Friday, January 02, 2009

Madoff's Betrayal

I've been weighing the cultural fallout from Wall Street investor Bernard Madoff's recent admission to authorities that his financial firm was just an elaborate scam.

The majority of the media attention about the curious case of this entrenched financial con artist (pictured left) has been focused on the alarming scale of the scheme, the failure of government agencies to react to the warning signs and the high-profile investors he swindled.

But what kind of impact will this shameful $50 billion scandal have on our country and culture? The extent of the damaged to his victims clearly goes way past money.

Rene-Thierry Magon de la Villehuchet was a descendant of French royalty and sailing enthusiast whom many wealthy European investors (including members of the Rothschild family) entrusted with growing their capital in US markets.

He was just one of the wealthy fund managers who watched their investments vanish into thin air after Madoff's multi-billion dollar Ponzi scheme unraveled recently.

In the early hours of Tuesday morning December 23rd, just two days before Christmas Villehuchet was found dead at his desk his New York City office with his wrists slashed after he'd spent days trying frantically to recoup some of the $1.4 billion he'd invested with Madoff.

There were politicians impacted as well.

New Jersey Senator Senator Frank Lautenberg's charity lost money. On Christmas day Associated Press journalist Angela Delli Santi reported that New Jersey State Senator Loretta Weinberg, a 73 year-old grandmother was also one of Madoff's victims after her Los Angles-based money manager Stanley Chais informed her that their money had been invested with Madoff's firm - and there was nothing left of the $1.3 million she and her family had unknowingly invested with Madoff.

Her story was echoed in the Blogosphere as well.

Was it really worth it for Madoff? His once-sterling reputation on Wall Street will forever be overshadowed by the truth of the deprived nature and depth of his greed and deception.

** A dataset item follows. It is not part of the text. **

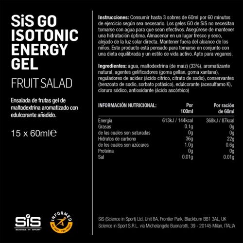 MATERIAL Cada bolsita de gel isotónica de GO Energy contiene 22 gramos de carbohidratos. Dependiendo de su deporte o evento, debe tratar de consumir 1-3+ geles cada hora para alcanzar una ingesta de objetivo de 60 g-90 g. En algunas circunstancias, como el clima frío, puede ser necesario consumir más. Tire de la parte superior del empaque y exprima el contenido en la boca cuando sea necesario.

I haven't seen a lot of mainstream media discussion about the impact on the Jewish community.

Nor have I seen a lot of dialogue about the unfortunate reality that the incident only serves to fuel the simmering stereotypes fueled by the age-old anti-Semitic images and distorted caricature of the "greedy Jewish banker" which still run through the fabric of this nation and in many parts of the globe.

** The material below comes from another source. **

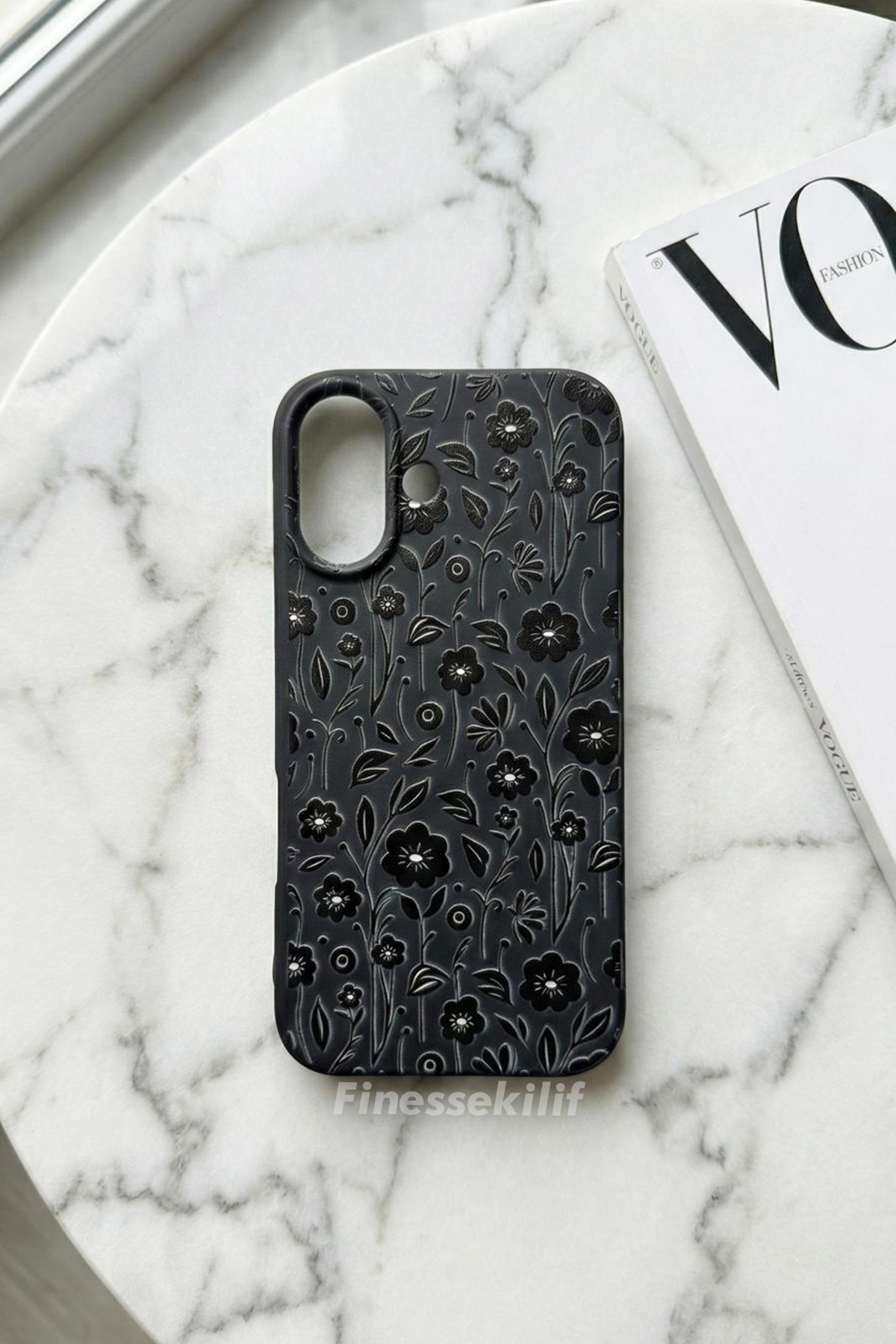 ميزات حافظة متوافقة مع هاتف iPhone 17 بتصميم زهور مطبوع باللون الأسود من Multitronic

I say that as an African-American guy who gets sick of hearing media headlines about ignorant criminal acts committed by young black men; it's not just that it's an embarrassment to the black community as a whole when I read about some kid in Brooklyn who attacks and beats an elderly woman of color in her building elevator for 30 bucks. To me that's a disturbing sign we ALL need to pay attention to.

So I wonder how Jewish people feel about Madoff.

How does a man pass himself off as a wealthy, well-connected financial genius for decades when he's just a guy who uses knowledge of the stock markets & institutional investing, common sales techniques, and a fictionalized word-of-mouth reputation to play on people's greed and loyalty to their faith?

I'll leave it to writers with far more expertise in the complexities of financial oversight to uncover the wordy, numbers-laden details surrounding exactly how this slick hustler pulled this off under the scrutiny of government regulatory agencies like the Securities and Exchange Commission.

Award-winning NY Times financial reporter Diane Henriques offered one of the best pieces I've read on the scandal and the man behind it; it helped offer some perspective to this complex case.

We're looking at a man who spent years on golf courses in the US and ski slopes in Europe culling relationships with influential investors, financiers, celebrities and bankers (often based on their shared Jewish heritage) and selling them an intoxicating cocktail of false word-of-mouth assurances of trust, inflated hard-to-believe yearly returns and the alluring promise of belonging to an elite company of prominent investors based on religious ties and wealth.

Bernie never used the hard sell, you had to be "referred" to him.

While hard work helped propel Madoff to the top of Wall Street and his early belief in electronic trading reflects his foresight, he is certainly not some kind of financial prodigy or market wizard as he was oft-called; for instance, according to the New York Times he had personal relations with one of the SEC officials charged with oversight of his "firm".

Even in normal circumstances there's something inherently distasteful about about a scam artist who serves his own greed by taking advantage of others in order to line his own pockets. But in the current economy it takes on a nauseating and distinctly un-American quality; even if he was duping the rich.

The Yeshivaworld.com Website offers interesting insight into the New York Hasidic community's thinking on current events. There are some Jewish people from New York who simply dismiss Madoff because he's not "really" Jewish.

A mistake is only a mistake if we learn nothing from it. Let's hope this doesn't just become another cultural marker of our times, another opportunity for people to make money.

What a sad statement of the inherent greed that in many ways defines our current culture.